Cette semaine, je vous emmène en terrain miné parce que parler d’un chanteur de langue teutonne est un sacré piège tant les quelques références de l’imagerie collective francaise sont plus ou moins pavées de mauvaises intentions… Je vais tenter d’éviter autant que possible les mille et un poncifs existants sur du hard rock allemand pour post ados tatoués aux cheveux longs, encore moins sur de la pop rock dégoulinante pour adolescentes en mal d’androgyne couinant de vagues mélodies rockisantes… Ce serait trop facile ! Moi, je choisi de vous présenter le nouvel album d’un chanteur qu’à titre personnel je suis depuis un septénat… je vous parle du jazzman Roger Cicero.

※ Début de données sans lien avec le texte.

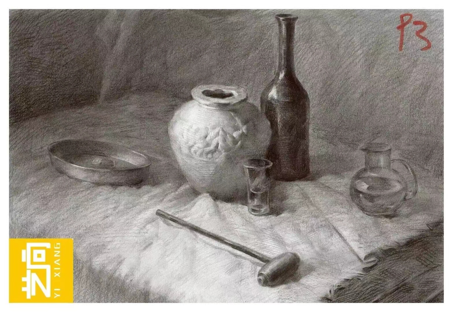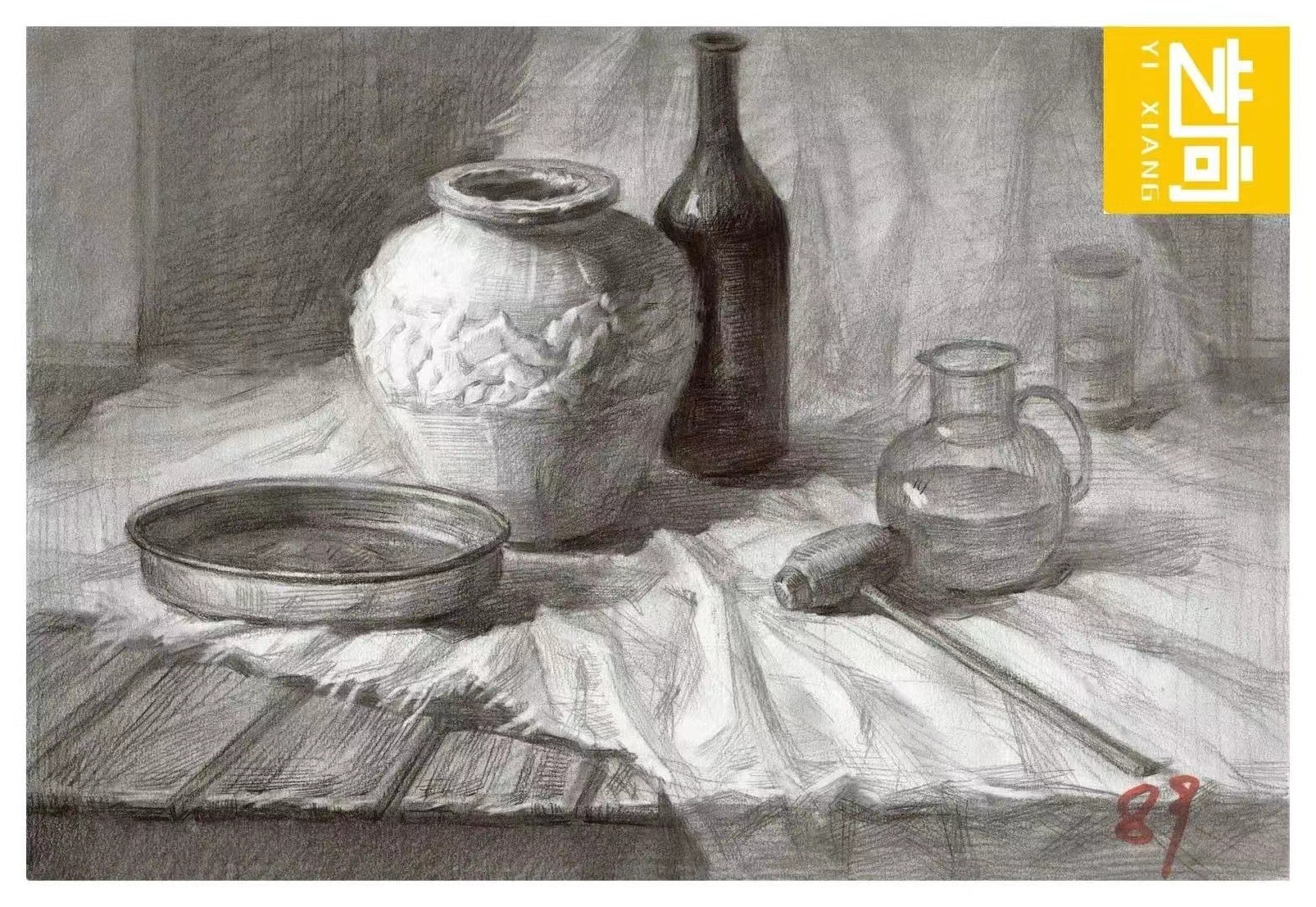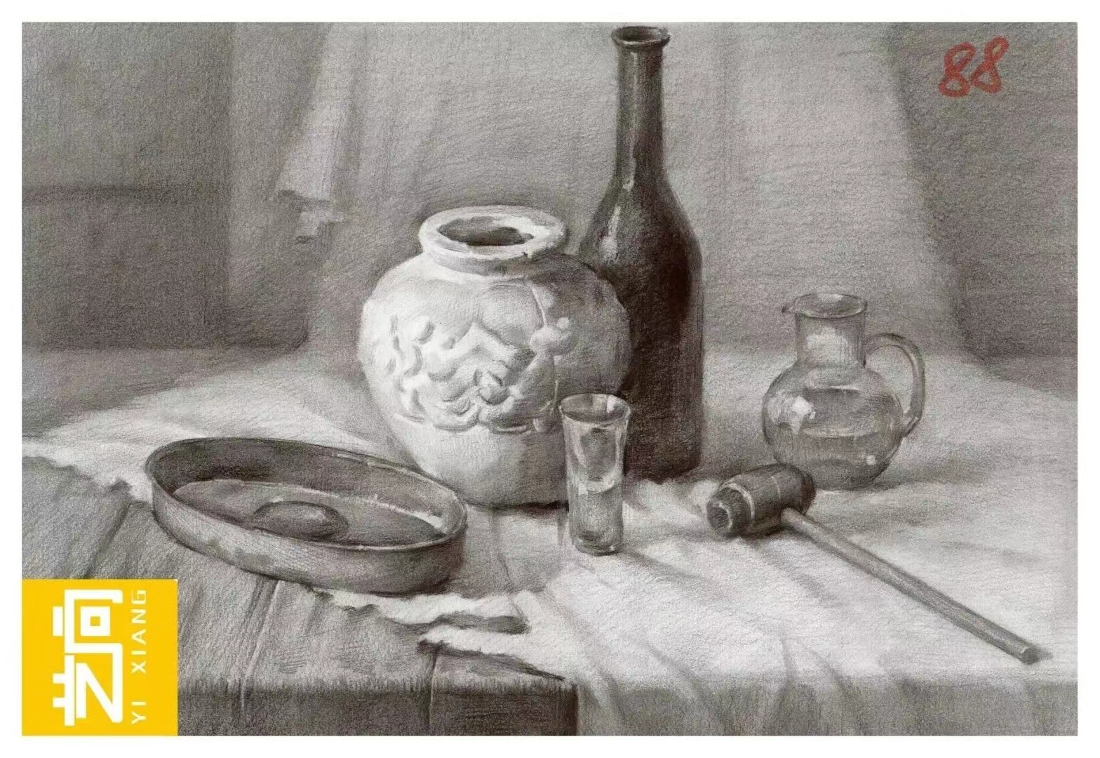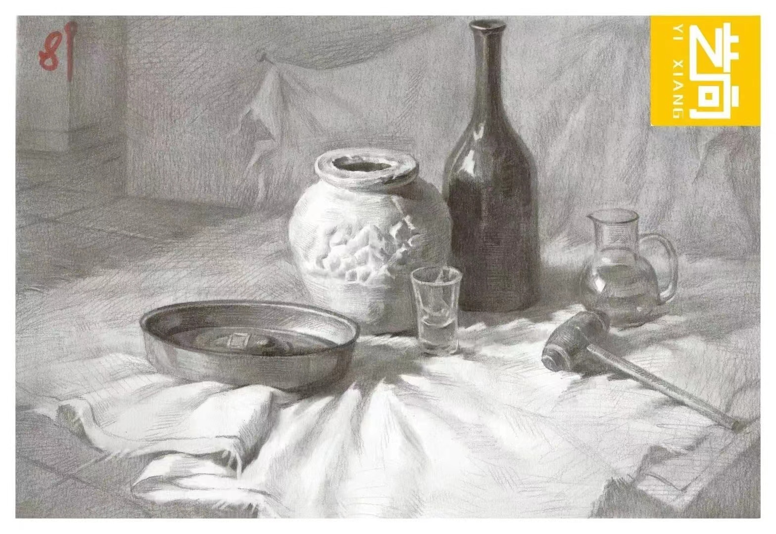 考題解析:物體相對比較“緊”一些,這個時候我們可以把襯布或者背景畫得松動一些,這樣的畫面節奏感層次感就比較豐富,畫面協調耐看。
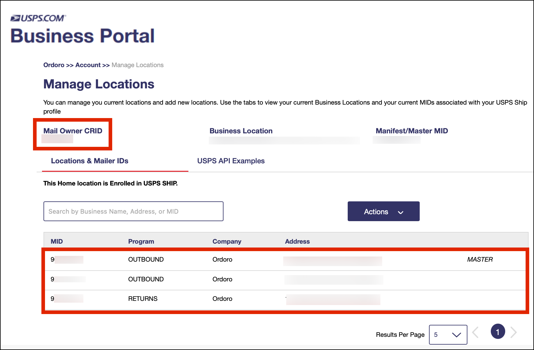 17. Under your USPS Ship carrier, select the Merchant CRID, Merchant Outbound MID, Merchant Manifest/Master MID, Merchant Return MID, and Merchant EPS (EPA) from the dropdown.
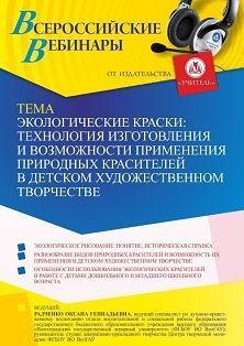 Вебинар «Экологические краски: технология изготовления и возможности применения природных красителей в детском художественном творчестве» Вебинары УчМет | V4.Ru: Маркетплейс
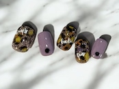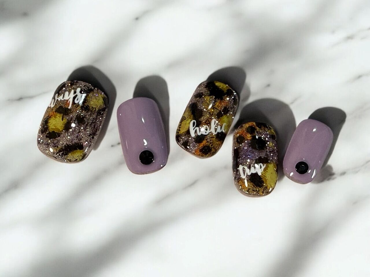 ネイルチップ 【 レオパード柄 】 ゴールドラメ×パープルベース 【スクエアショート】 (ロング~ショートまで選べます)
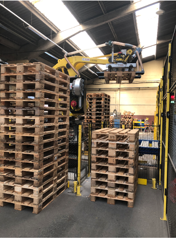 FANUC robot - Modular suction gripping system - Pallet tracking and recentering - Stacking and traceability - Driver evacuation thanks to the DCS robot

Ce quadra romano-germanique aux méchants airs de jeune Sinatra ensoleillé hante les scènes européennes depuis 2003 avec un succès grandissant outre-Rhin… Surtout depuis 2006 où il fit grand effet lors de la kitchissime Eurovision en proposant  du jazz traditionnel en langue allemande. Cela eut le don d’attirer l’attention sur son travail et de lui forger un public de plus en plus grand. Avec le temps, il intègre d’avantage de pop dans son jazz sans pour autant perdre l’intégrité ni la cohérence de ses compositions.

Il a sorti fin 2011 son quatrième album solo, In Diesem Moment (À ce moment-là) qui m’a rendu le sourire lors de mes journées d’ennui et m’a donné des envies de danser dans les rues facon Gene Kelly, avec classe et virilité ! Il y a, dans ses chansons, un truc à la fois très élégant, entre James Bond et Rat Pack, et joyeusement canaille qui colore le quotidien… Avec, il est vrai, cette touche de bizarrerie presque exotique d’accoller aux sonorités jazz des textes dans la langue de Goethe qui donne son identité propre à cet artiste dans une époque où tout musicien qui se respecte tend à l’anglophonie universalisatrice.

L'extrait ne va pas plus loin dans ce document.